In theory, writing to a sparse file could achieve higher performance than other types of disk image, although the current implementation may need further optimisation to realise that. It will also be interesting to see if Apple makes this format available to developers and users through Disk Utility and hdiutil.

Safe movement

These and other sparse files raise the perennial question of how you can move them around without causing them to explode to full size. Although macOS Monterey 13.1 is much better than older versions at preserving sparse files, here are some guidelines derived from testing.

Only ever move or copy sparse files to APFS volumes, unless you protect them inside some form of archive. If they move to another file system, like HFS+, any Windows/PC file system, ZFS or Btrfs, then their sparseness won’t be preserved, and they’ll assume their full size when you copy them. This also prolongs the act of copying, as they’re read from the source at full size. If being transferred over a network, this is annoying to say the least.

Copying or moving between two APFS volumes, even on different disks, connected to the same Mac should always preserve their size. Although file sharing between Macs should also preserve their size, never use AirDrop, which doesn’t.

Surprisingly, copying or moving a sparse file to or from iCloud Drive doesn’t cause any increase in size, provided that it’s only accessed by that one Mac. If you try to copy or move a sparse file from iCloud Drive to a different Mac, the sparse file will then increase to full size.

If you need to move a sparse file by a means that would normally expand it, copy it into the protection of an APFS-format sparse bundle or sparse disk image for transit. On the destination Mac, mount that sparse bundle or disk image, and you should be able to copy the sparse file to that Mac without any increase in size.

Archiving and compression are even more complicated. In general, popular methods such as Zip won’t preserve size, and some result in archived or compressed files that are even larger than fully expanded size. The one format which appears able to keep sparse files sparse is Apple Archive, but even there it’s easy to end up with the file at full size. Archive Utility, Keka and my own Cormorant will reliably conserve the sparse file format and size when the file(s) are put inside a folder prior to compression. Use them on a bare file and you could be disappointed with the result.

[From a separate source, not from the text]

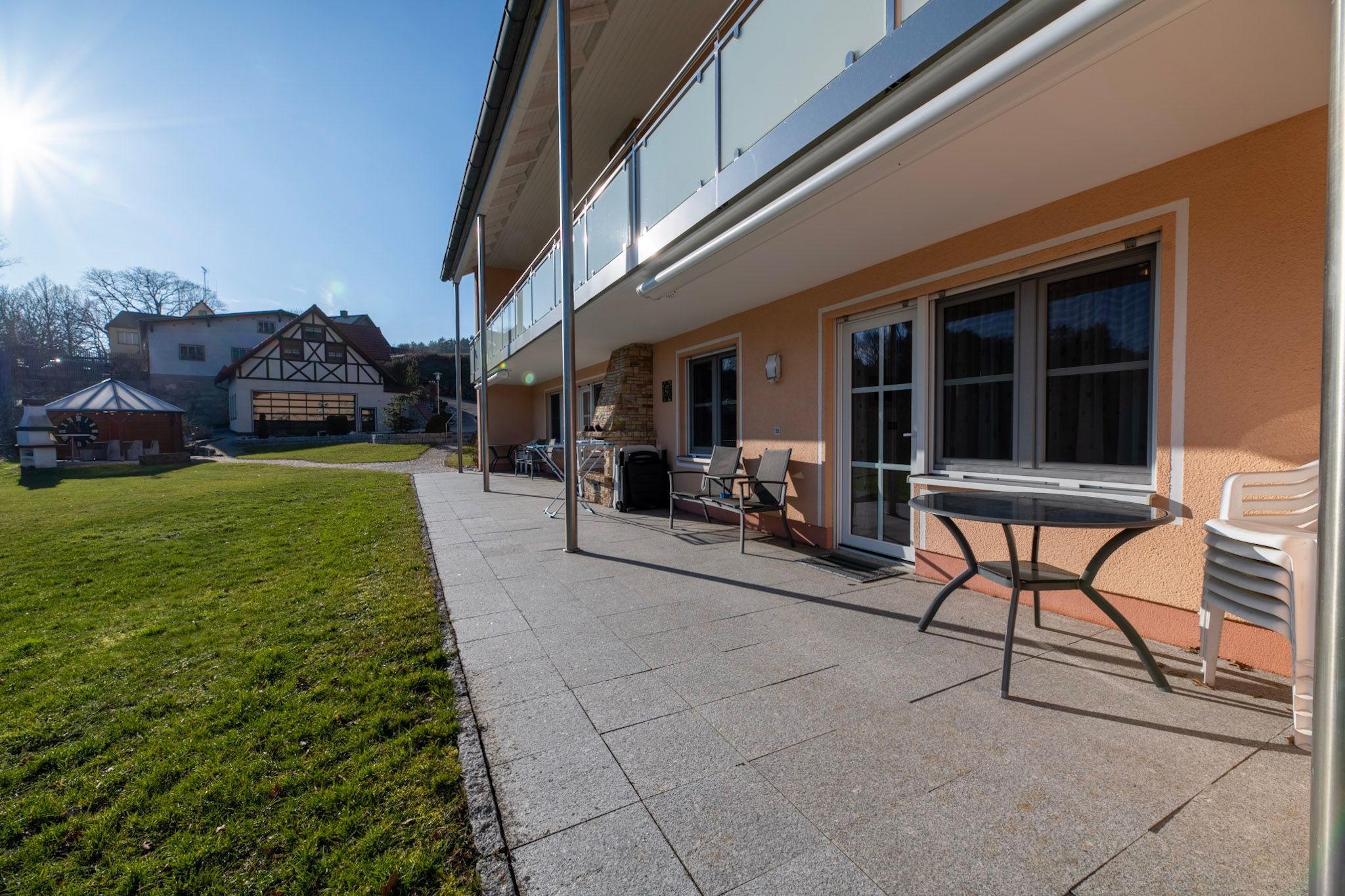 Großzügig eingerichtete Ferienwohnungen mit gehobener Ausstattung und angrenzender Sonnenterrasse mit Grillplatz laden zum Verweilen und Ausruhen ein.

Backing up sparse files can be tricky. Time Machine making backups from APFS to APFS backup storage normally preserves sparse files well, but when backing up to HFS+ storage they will explode to full size during copying, and so take a long time to copy, and take up a lot of space on the backup storage. Other backup methods should be tested carefully before assuming they can both store and restore sparse files faithfully. You should in any case avoid backing up VMs in your regular backups because of the space they will consume, even when kept as sparse files.

To keep sparse files sparse:

  • store them only on APFS volumes;
  • transfer over a network using macOS file sharing;
  • never use AirDrop, and avoid iCloud;
  • when needed, protect them inside sparse bundles or sparse disk images;
  • compress inside a folder using Apple Archive;
  • back up using Time Machine to APFS.